The team compared the position and velocity measurements from GRAVITY and SINFONI respectively, along with previous observations of S2 using other instruments, with the predictions of Newtonian gravity, general relativity and other theories of gravity. The new results are inconsistent with Newtonian predictions and in excellent agreement with the predictions of general relativity.
These extremely precise measurements were made by an international team led by Reinhard Genzel (MPE) in Garching, Germany, in conjunction with collaborators around the world, at the Paris Observatory–PSL, the Université Grenoble Alpes, CNRS, the Max Planck Institute for Astronomy, the University of Cologne, the Portuguese CENTRA – Centro de Astroﬁsica e Gravitação and ESO. The observations are the culmination of a 26-year series of ever-more-precise observations of the centre of the Milky Way using ESO instruments.
“This is the second time that we have observed the close passage of S2 around the black hole in our galactic centre. But this time, because of much improved instrumentation, we were able to observe the star with unprecedented resolution,” explains Genzel. “We have been preparing intensely for this event over several years, as we wanted to make the most of this unique opportunity to observe general relativistic effects.”
The new measurements clearly reveal an effect called gravitational redshift. Light from the star is stretched to longer wavelengths by the very strong gravitational field of the black hole. And the change in the wavelength of light from S2 agrees precisely with that predicted by Einstein’s theory of general relativity. This is the first time that this deviation from the predictions of the simpler Newtonian theory of gravity has been observed in the motion of a star around a supermassive black hole.
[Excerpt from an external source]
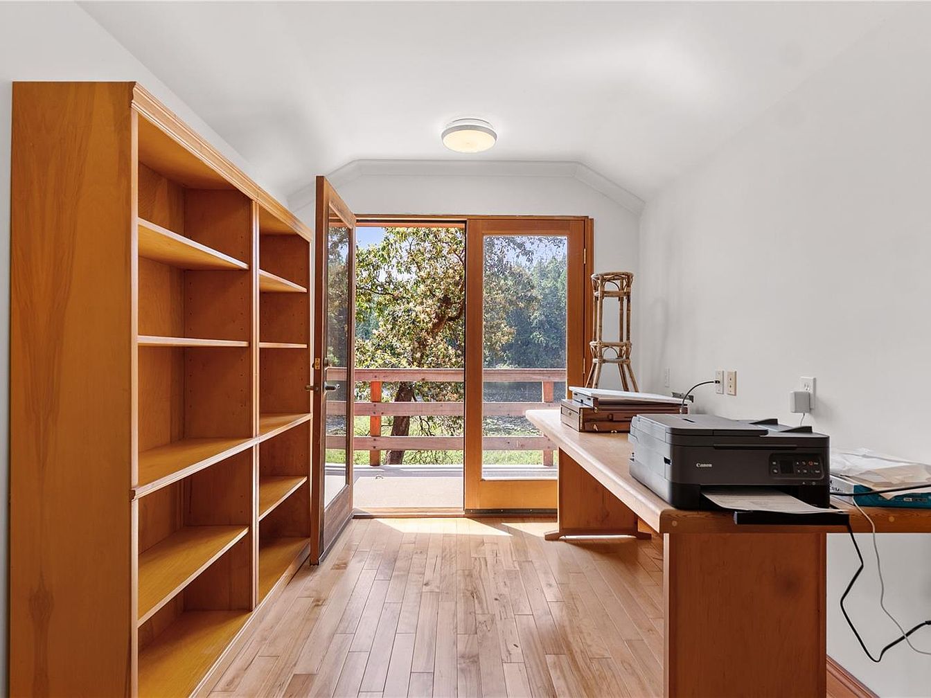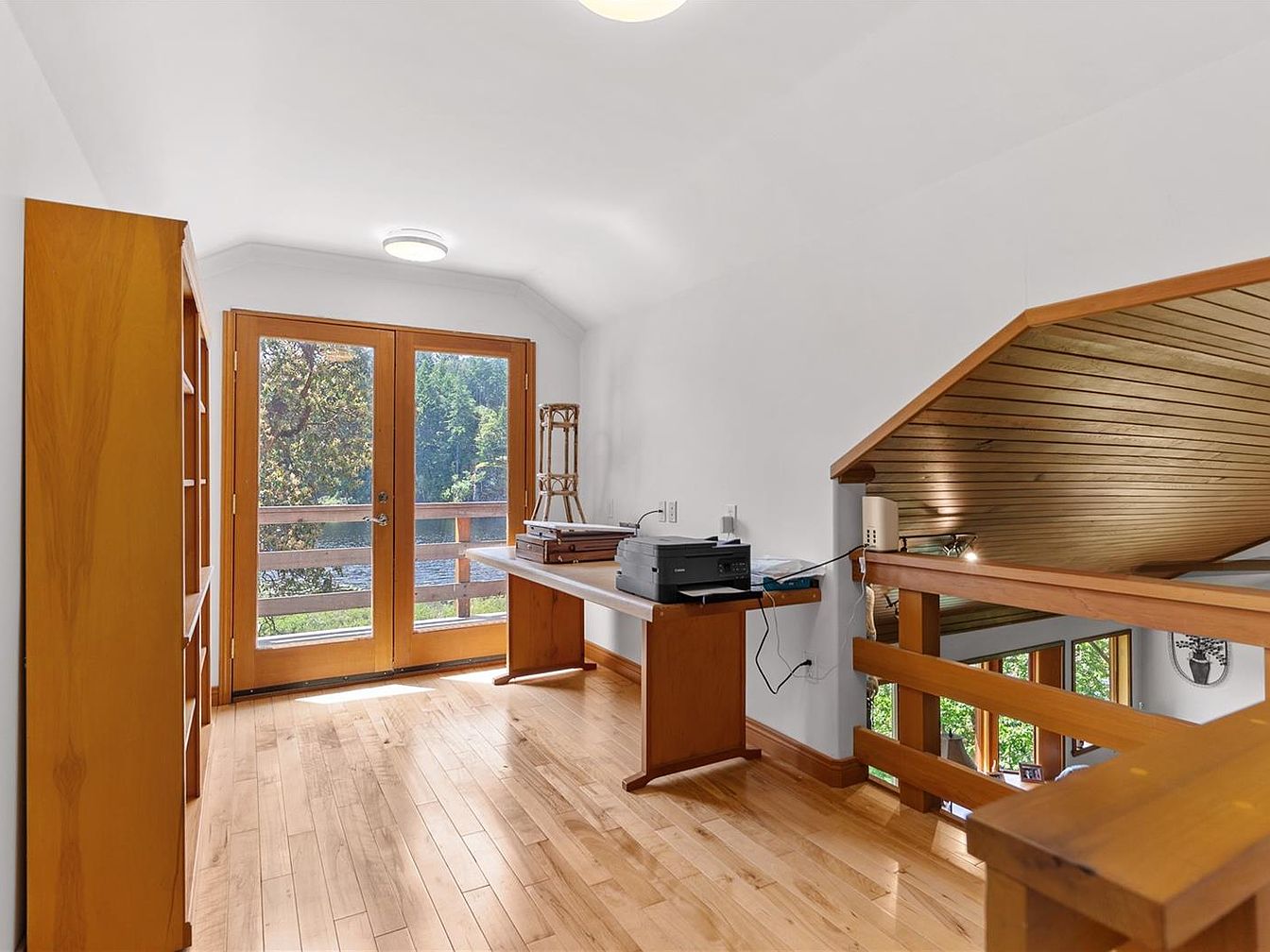 This bright and airy loft space serves as a home office with a clean, minimalist design. Natural light floods in through the double glass doors framed in warm wood, offering a scenic view of greenery outside. The room features light hardwood flooring that complements the wooden furniture, including a sturdy desk and tall shelving unit for storage. The ceiling is white and slightly vaulted, creating a spacious feel. A wooden railing separates the loft from the floor below, which is accented by a slanted wooden ceiling overhead, adding architectural interest and warmth to the space.

The team used SINFONI to measure the velocity of S2 towards and away from Earth and the GRAVITY instrument in the VLT Interferometer (VLTI) to make extraordinarily precise measurements of the changing position of S2 in order to define the shape of its orbit. GRAVITY creates such sharp images that it can reveal the motion of the star from night to night as it passes close to the black hole — 26 000 light-years from Earth.
“Our first observations of S2 with GRAVITY, about two years ago, already showed that we would have the ideal black hole laboratory,” adds Frank Eisenhauer (MPE), Principal Investigator of GRAVITY and the SINFONI spectrograph. “During the close passage, we could even detect the faint glow around the black hole on most of the images, which allowed us to precisely follow the star on its orbit, ultimately leading to the detection of the gravitational redshift in the spectrum of S2.”
More than one hundred years after he published his paper setting out the equations of general relativity, Einstein has been proved right once more — in a much more extreme laboratory than he could have possibly imagined!
The sizes of the star and the black hole are not to scale. [less]
The sizes of the star and the black hole are not to scale.
“Due to the extremely strong gravitational field we expect to see the effects of general relativity - but only if we can look close enough,” says Stefan Gillessen, “This is why we needed to push the technology. With SINFONI we can measure the radial velocity of stars very accurately and GRAVITY gives us extremely sharp images and accurate positions.”
Continuing observations are expected to reveal another relativistic effect very soon — a small rotation of the star’s orbit, known as Schwarzschild precession — as S2 moves away from the black hole.
Xavier Barcons, ESO’s Director General, concludes: “ESO has worked with Reinhard Genzel and his team and collaborators in the ESO Member States for over a quarter of a century. It was a huge challenge to develop the uniquely powerful instruments needed to make these very delicate measurements and to deploy them at the VLT in Paranal. The discovery announced today is the very exciting result of a remarkable partnership.”
 GRAVITY was developed by a collaboration consisting of the Max Planck Institute for Extraterrestrial Physics (Germany), LESIA of Paris Observatory–PSL / CNRS / Sorbonne Université / Univ. Paris Diderot and IPAG of Université Grenoble Alpes / CNRS (France), the Max Planck Institute for Astronomy (Germany), the University of Cologne (Germany), the CENTRA–Centro de Astrofisica e Gravitação (Portugal) and ESO.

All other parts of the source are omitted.